Allelic diversity and purity
In accordance with the neutral allele distribution expected for inbred populations, the nucleotide diversity (π) and Tajima’s D statistics among the five subpopulations were presented in Table 2. Degrees of SNP heterozygosity varied from 0 to 100% with an average of 15% (Figure 5A). Most of the SNPs had a heterozygosity range of 0-25%. Similarly, genetic purity of the lines in the population varied from 70 to 93%, with a mean of 85% (Figure 5B). Out of 309 inbred lines, 105 (34%) showed less than 10% heterozygosity, 145 (47%) had heterozygosity ranging from 11 to 20%, while 59 (about 20%) had heterozygosity from 21 to 30%.
Genetic differentiation
Genetic differentiation of subgroups was calculated using Fst-based analysis of the SNP data (Table 3). The Fst coefficients showed that subgroup 2 could be considered as a subset of the whole panel used in this study with a very low Fst value as compared to the whole population (0.002). The Fst coefficients among the groups varied from 0.044 to 0.110, indicating moderate differentiation. The highest level of differentiation was observed between subgroups 4 and 5. In contrast, the lowest Fst coefficient was observed between subgroups 2 and 3.

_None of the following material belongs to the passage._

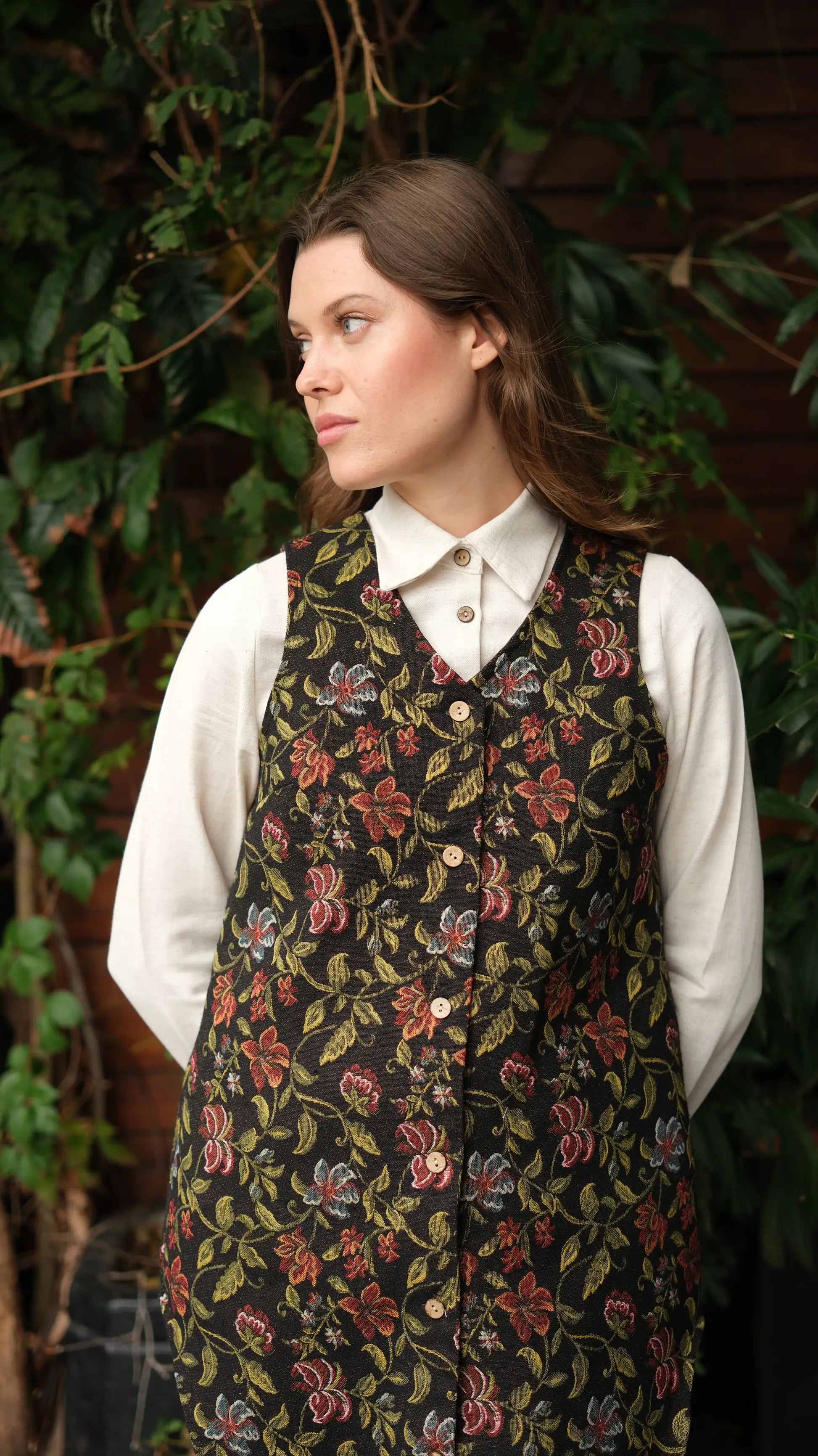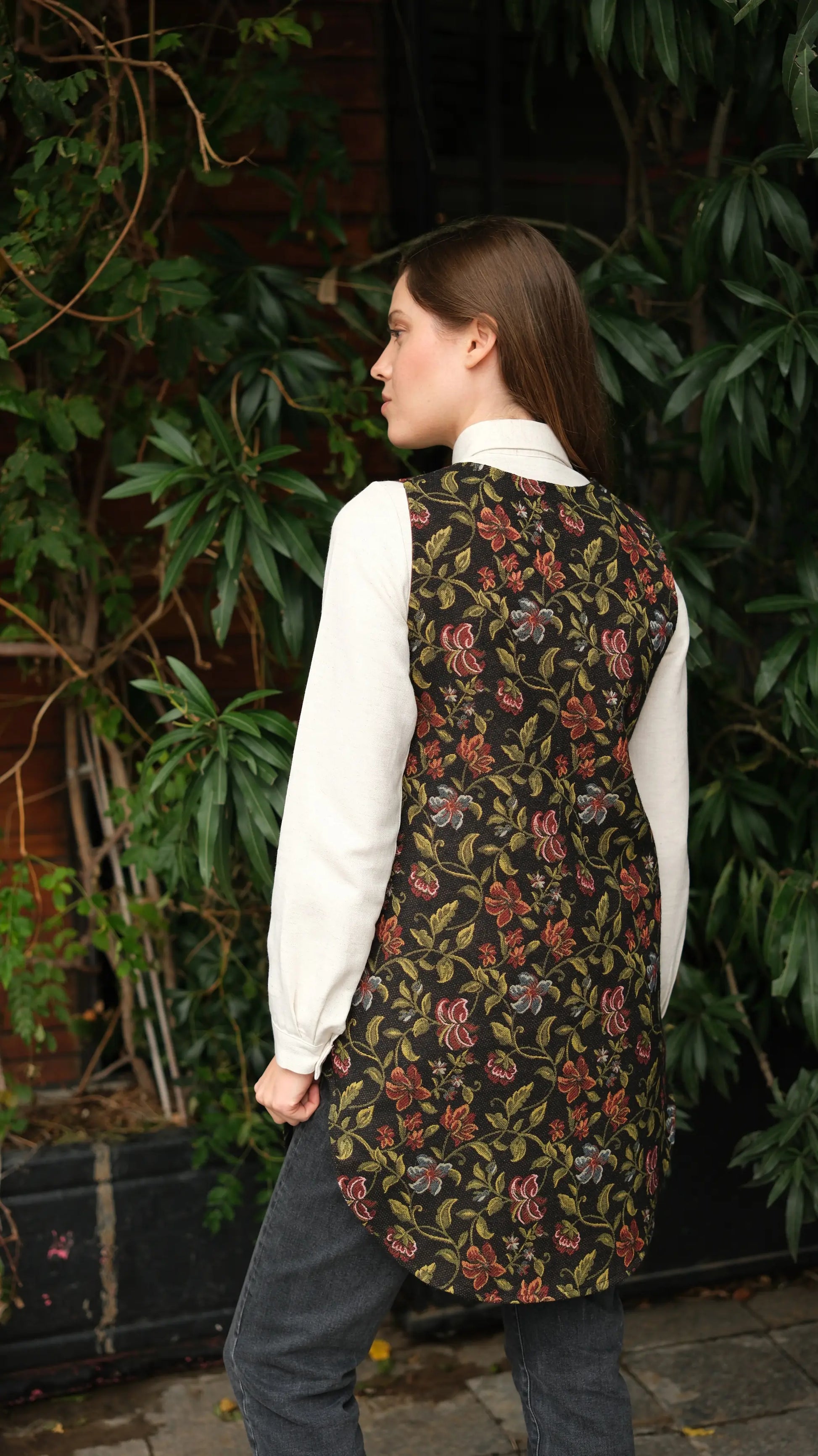 Çiçek Desenli Goblen Uzun Yelek

The mean nucleotide diversity observed in subgroup 2 (9.77E-06) was similar to the whole panel (9.92E-06) (Table 3). The nucleotide diversity among accessions within the subgroups ranged from 7.32E-06 to 9.77E-06. Accessions from Group 5 showed lowest diversity in the population. The mean Tajima’s D values were positive for all the subgroups, which is an indication for balancing selection.
Linkage disequilibrium
LD among the SNPs was investigated between pairs of SNP markers from the seven chromosomes and then between pairs of SNP markers from the same chromosome. The average pairwise LD (r2) across the genome declined rapidly with increasing physical distance and most of the r2 values were below 0.05 (Figure 7). On average, LD declined from its initial value of 0.46 to 0.1 within approximately 3.5 kb. LD decays rapidly in chromosomes 1 and 4 (~1.5 kb) as compared to 3 and 7 (~7.2 kb), suggesting that a larger number of markers are required from chromosomes 1 and 4 than from chromosomes 3 and 7 for genome-wide association studies in pearl millet.